F.I.R. is a vital and important piece of evidence as it contains the first version of the incident. However, it cannot be treated as substantive piece of evidence as it is neither recorded on oath nor tested by cross examination. But when the informant is called as witness in the Court his former statement (F.I.R.) can be used both for corroborating and contradicting his testimony as per Section 157, Section 161 and Section 145 of the Indian Evidence Act. But it cannot be used as evidence against the informant as it is hit by Section 25 of the Evidence Act.

F.I.R. could be used for corroborating the informant as per Section 157 and Section 161 of the Evidence Act but it could not be used for corroborating other prosecution witnesses or prosecution case in general.
F.I.R. could be used for contradicting the informant as per Section 145 of the Evidence Act but for that firstly, the attention of the informant must be drawn to the relevant portions where the contradiction occurs. Secondly, explanation should be invited and only then defence can rely upon the contradiction.
If F.I.R. is made by accused himself then it could be used as per the normal rules of evidence unless it is in the nature of a confession, as then it will be hit by Section 25 of the Evidence Act. The position of such case has been discussed in detail in Aghnoo Nagesia versus State of Bihar AIR 1966 SC 119:-

Such an F.I.R. is not inadmissible in evidence
If the information is non-confessional then it could be admissible under Section 21
If it is confessional in nature then it will become inadmissible except the portion which will come under Section 27 of the Evidence Act.
In this case, Supreme Court for the first time clarified that F.I.R. will be admissible in evidence as a whole not in parts but with a rider that in case the non-confessional part has no connection with the confessional part then the former will be relevant under Section 18 and Section 21.

F.I.R. by an accused cannot be treated as evidence against the co-accused.

F.I.R. can be used by the informant to refresh his memory under Section 159 of the Evidence Act.
F.I.R. can be used for impeaching the credit of the informant under Section 155 of the Evidence Act.
It can also be used for proving the conduct of the informant as per Section 8 of the Evidence Act.
F.I.R. can be used to identify the accused, witnesses, place and time of occurrence as per Section 9 of Evidence Act.
In certain circumstances, it could also be used as per Section 11 of the Evidence Act.
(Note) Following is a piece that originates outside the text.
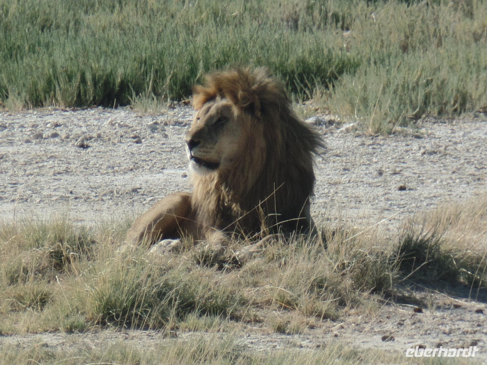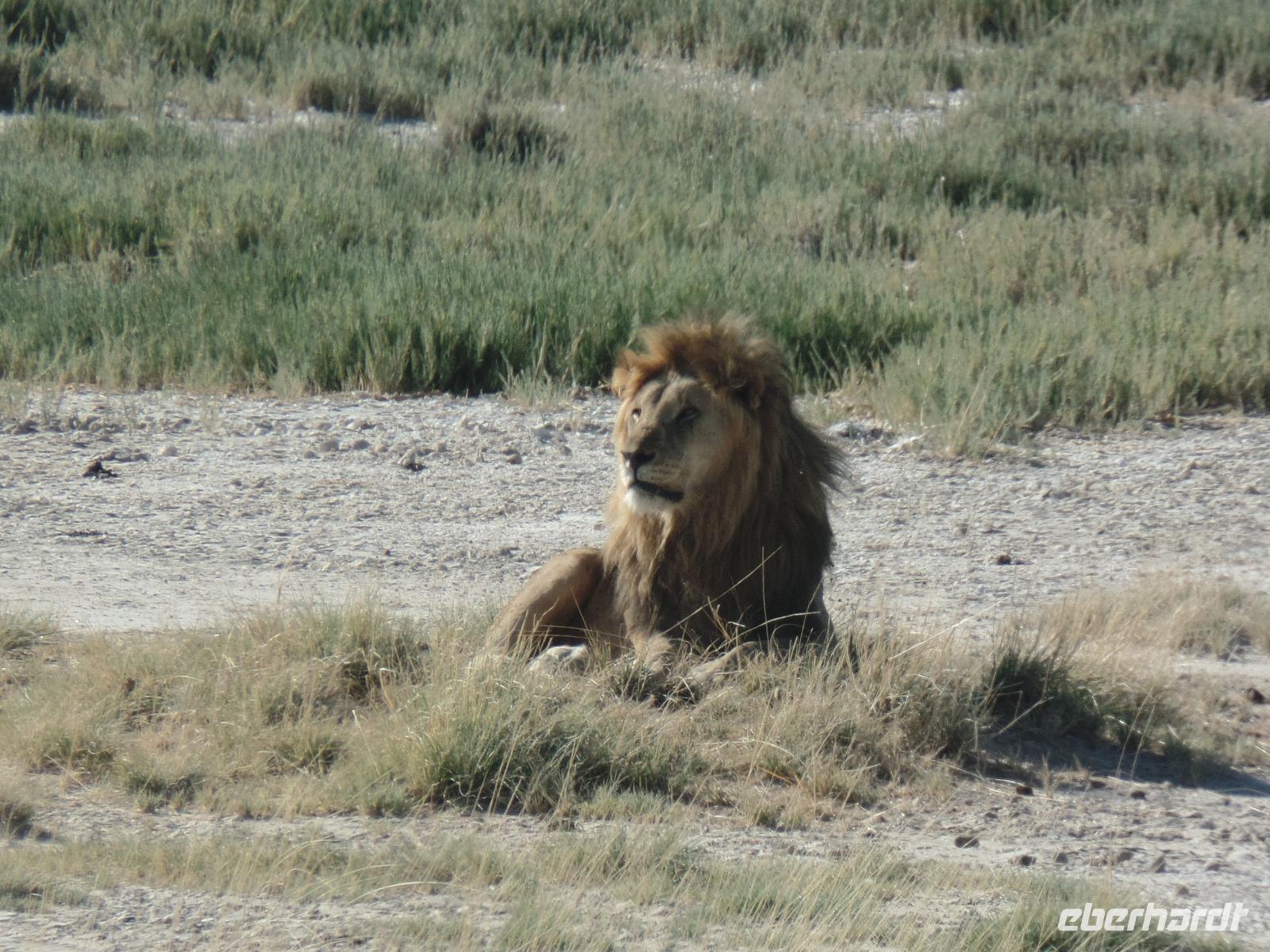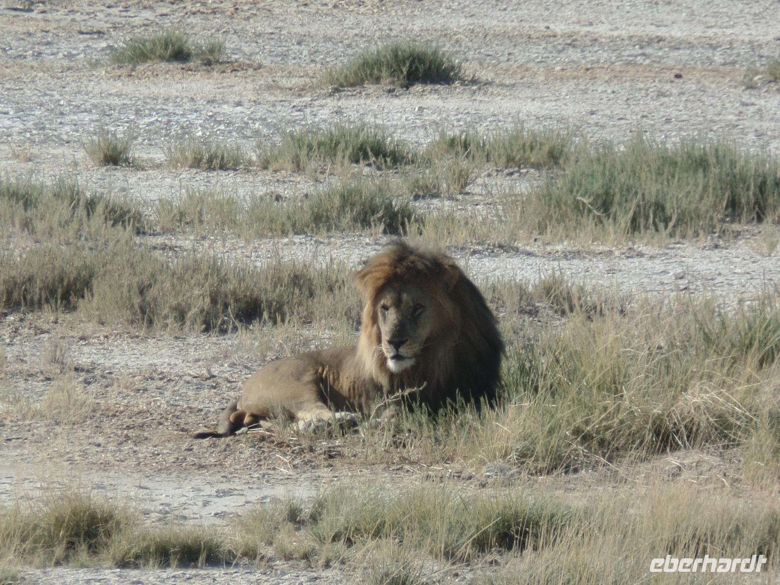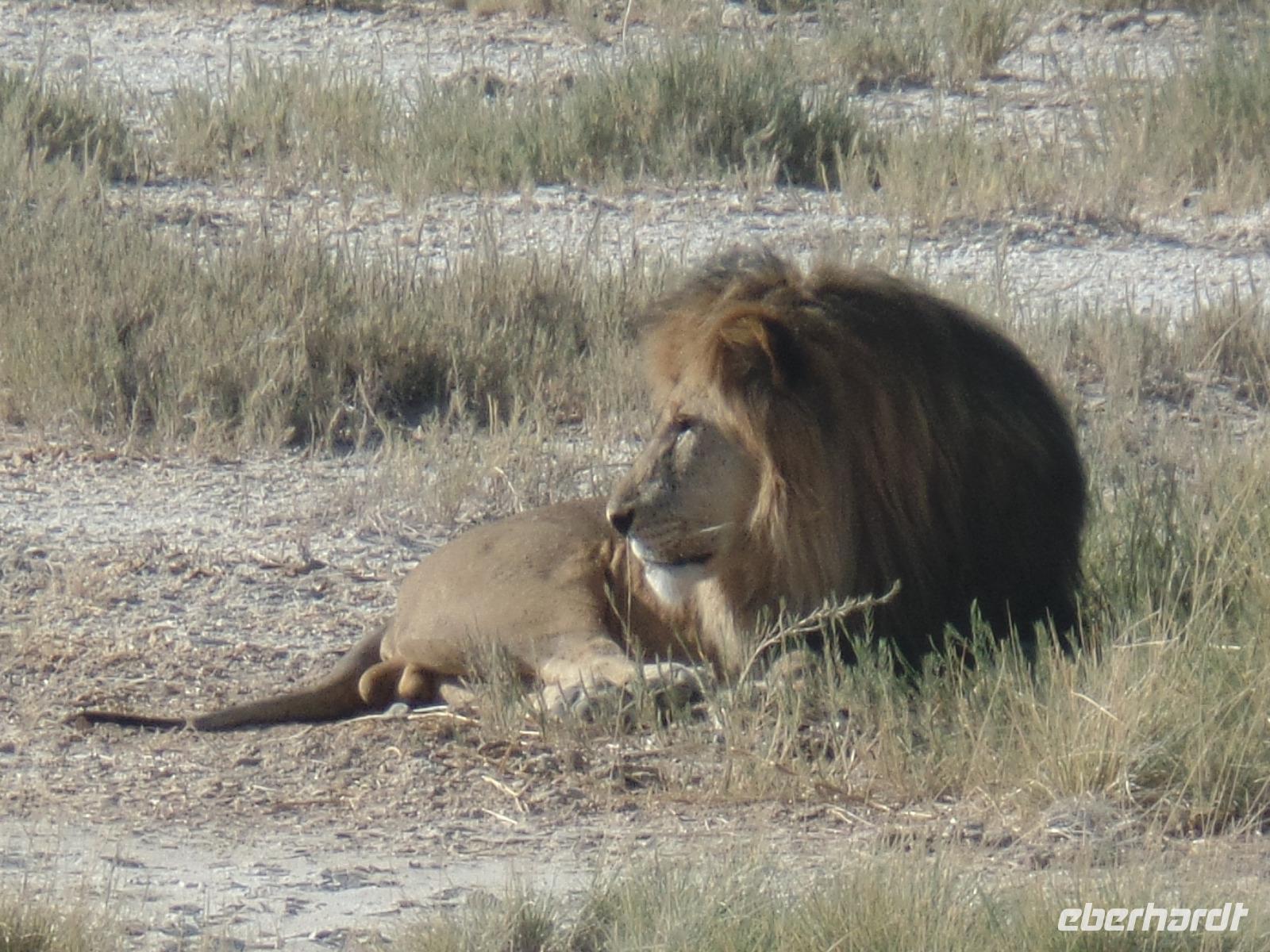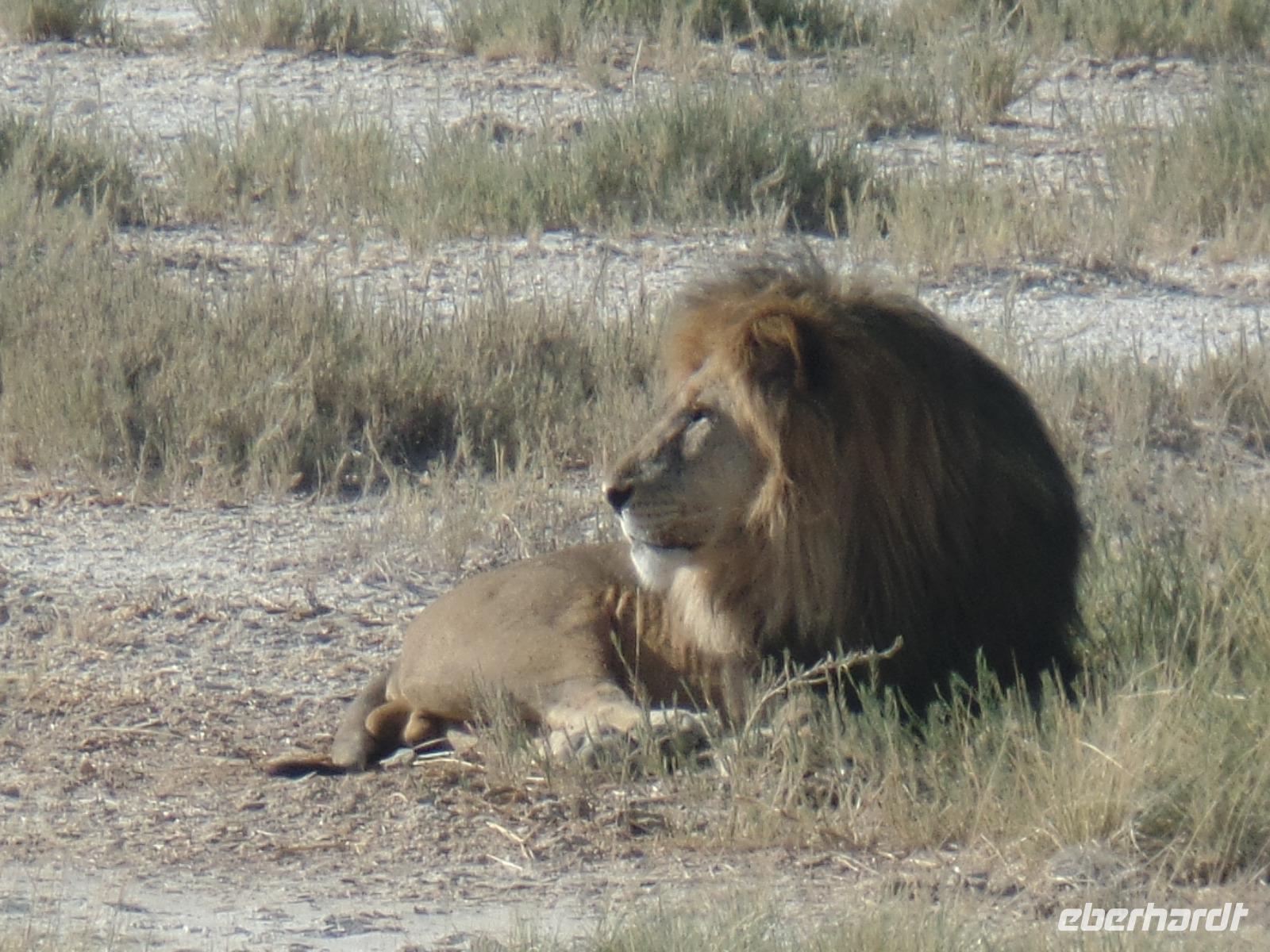 Ernst hat immer so ein Bauchgefühl und mit Hilfe auch von einer WhatsApp Gruppe wusste er manchmal, wo die besten Chancen waren und die Tiere sich aufhielten. Woran wir alle nicht glaubten war, dass wir Löwen begegnen. Doch sie waren da!! Für uns!! In Ruhe! König der Löwe!! Unsere Augen wollten es nicht glauben. Unfassbar, dass wir so etwas schönes erleben durften. Mit voller Dankbarkeit;) Wir konnten sie in Ruhe beobachten und die Zeit ging so langsam, dass wir eine Ewigkeit bei ihnen verbrachten. Es sind tolle Bilder entstanden Weiter fuhren wir zu einem Wasserloch wo ganz Afrika war. Ja, wirklich!! Wenn ich sage, ganz Afrika, meine ich: alle gemeinsam und friedlich die Giraffen, die Elefanten, die Onyx und Strauße, die Springböcke, Zebras, Gnus, der Schakal und 2 ganz lustige Warzenschweine. So friedlich müsste auch unsere Welt aussehen, wenn man die Nachrichten manchmal im Fernsehen sieht. Wunderschön!! Ab und zu kam auch ein Adler geflogen und so war die Natur in Ordnung. Und nicht nur Tiere sahen wir in Etosha, wie Elenantilope, Wasserbock. Kudu oder Schwarzgesicht-Impala wir sahen auch viele Vögel in den 2 Tagen: Sekretär, Schreiseeadler, Graureiher, Swainsonfrankolin sowie Riesentrappe und selbstverständlich den Strauß.

F.I.R. cannot be used as a primary evidence of the truth of its contents as it cannot be substituted for evidence given on oath. Therefore, F.I.R. itself cannot lead to the conviction of the accused. But in certain circumstances F.I.R. becomes substantive piece of evidence:

Under Section 32 of the Evidence Act
Under Section 6 of the Evidence Act as res-gestae
Under Section 160 of the Evidence Act.

On the basis of the above, it can be concluded that normally F.I.R. is not a substantive piece of evidence but is a public document as per Section 74 of the Evidence Act and its certified copy could be given as per Section 79 of the Evidence Act. However, it becomes a substantive piece of evidence under certain circumstances but S.H.O. cannot give copy of F.I.R. to the accused unless the police report is ready or else he would be liable under Section 27 of the Police Act, 1861.